What needs to be done
Write back, word for word, the lines from the one containing "De ruime, licht" to the end of the listing below. Include nothing else, and no pictures.

Given material
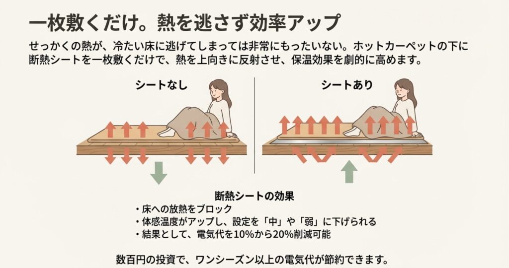 実際に断熱シートを敷くと、今まで「強」じゃないと物足りなかったのが「中」や「弱」でも十分に温かく感じるようになります。結果として設定を下げられるので、電気代を10%から20%削減できるというデータもあるんですよ。
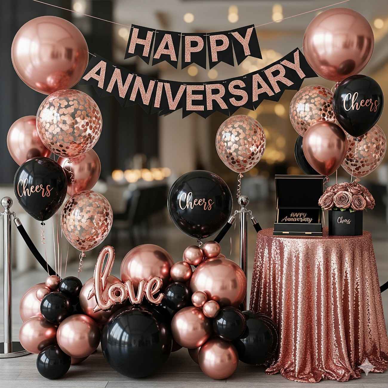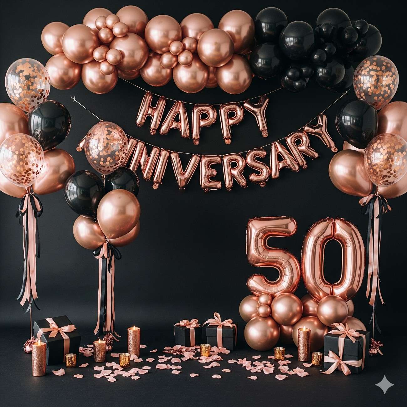 You can easily book this rose gold and black anniversary room decoration online from here.
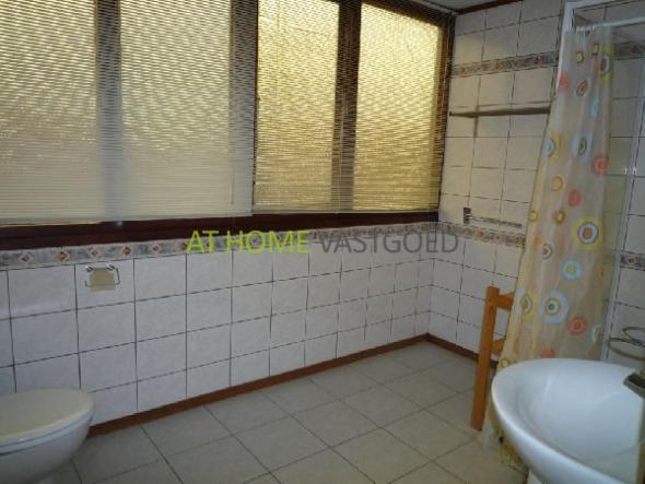 De ruime, licht betegelde badkamer ( 2.1m x 3.2m) is voorzien van een douchecabine, toilet en wastafel.
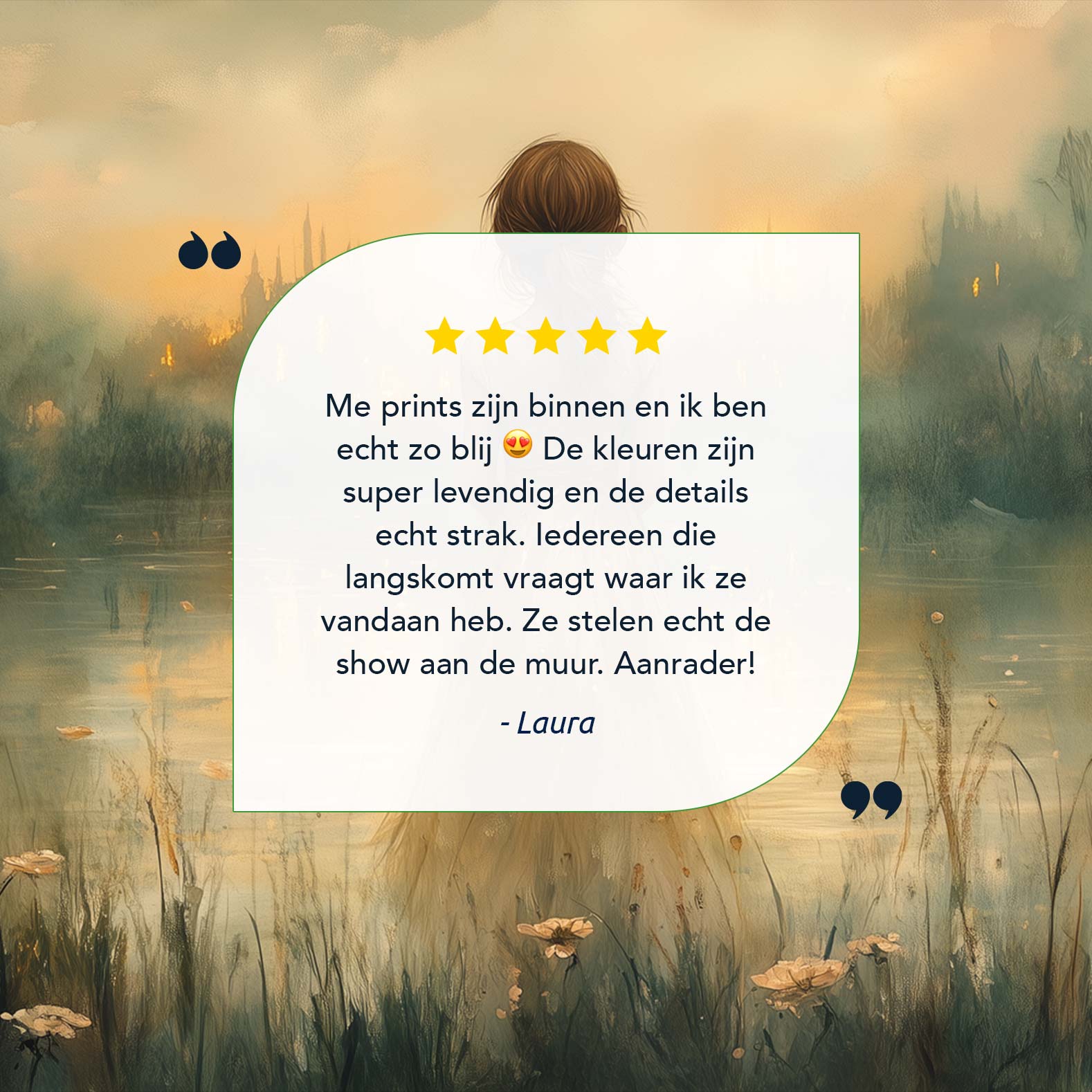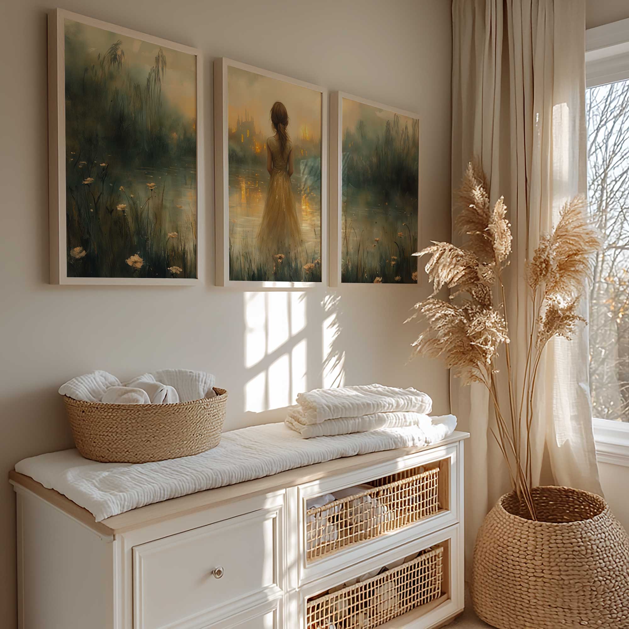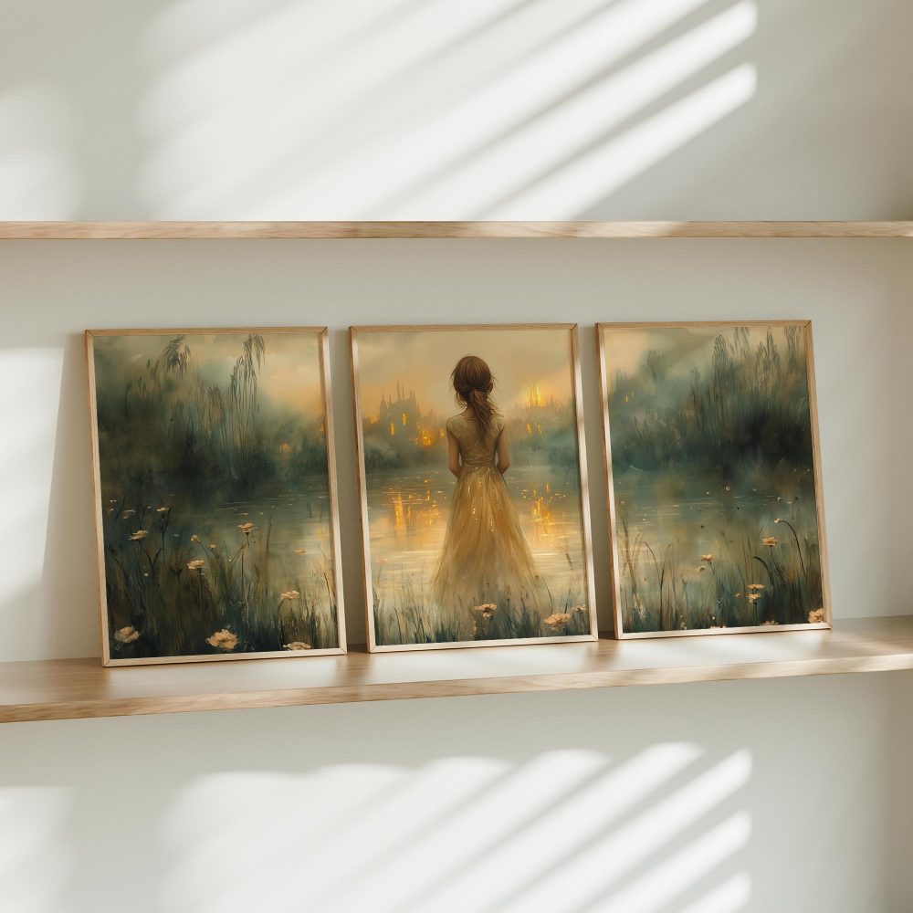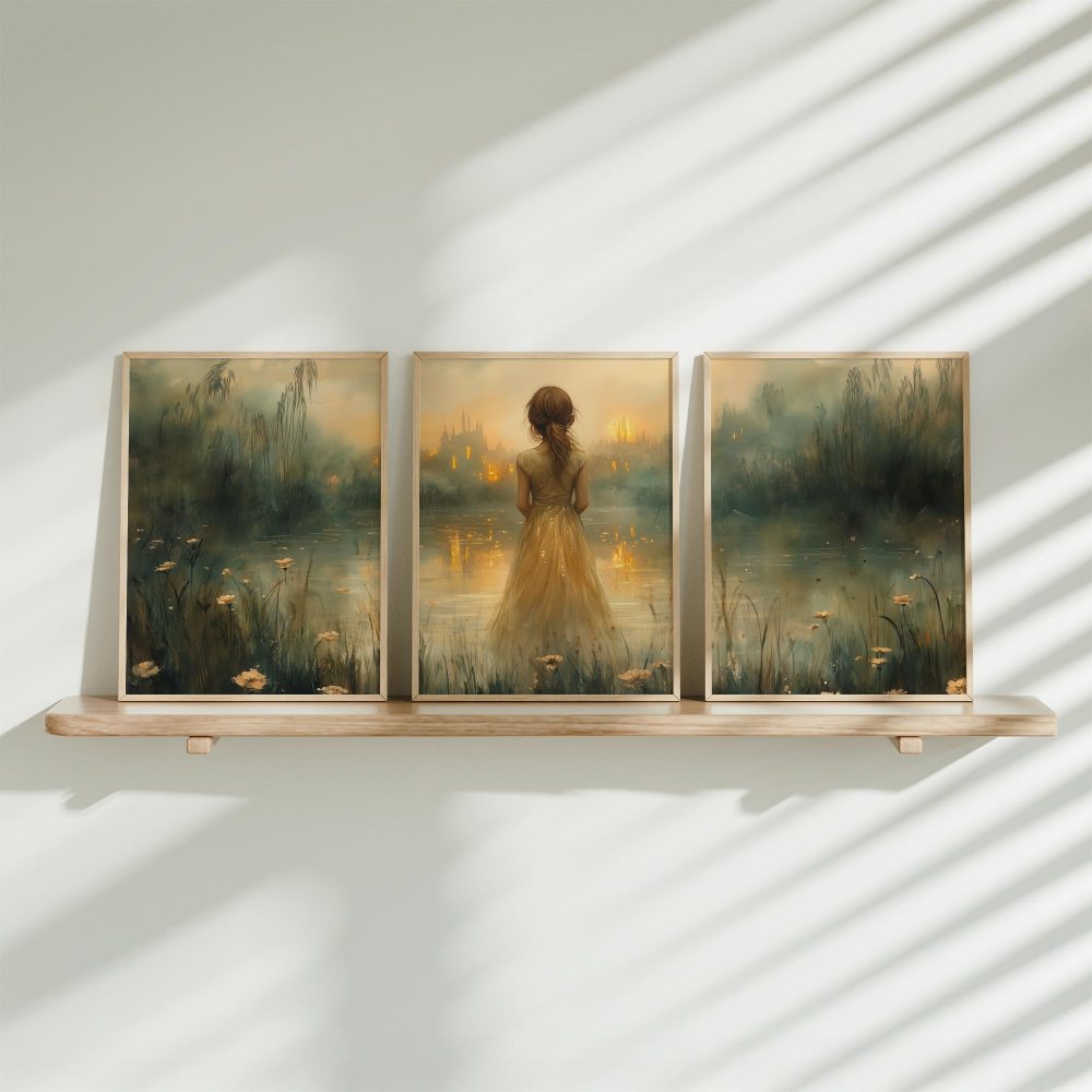 Terug naar collectie / Kinderkamer posters / Bloemen posters / Dromerig Meisje in Bloemenveld bij Water

Output for this exercise
 De ruime, licht betegelde badkamer ( 2.1m x 3.2m) is voorzien van een douchecabine, toilet en wastafel.
 Terug naar collectie / Kinderkamer posters / Bloemen posters / Dromerig Meisje in Bloemenveld bij Water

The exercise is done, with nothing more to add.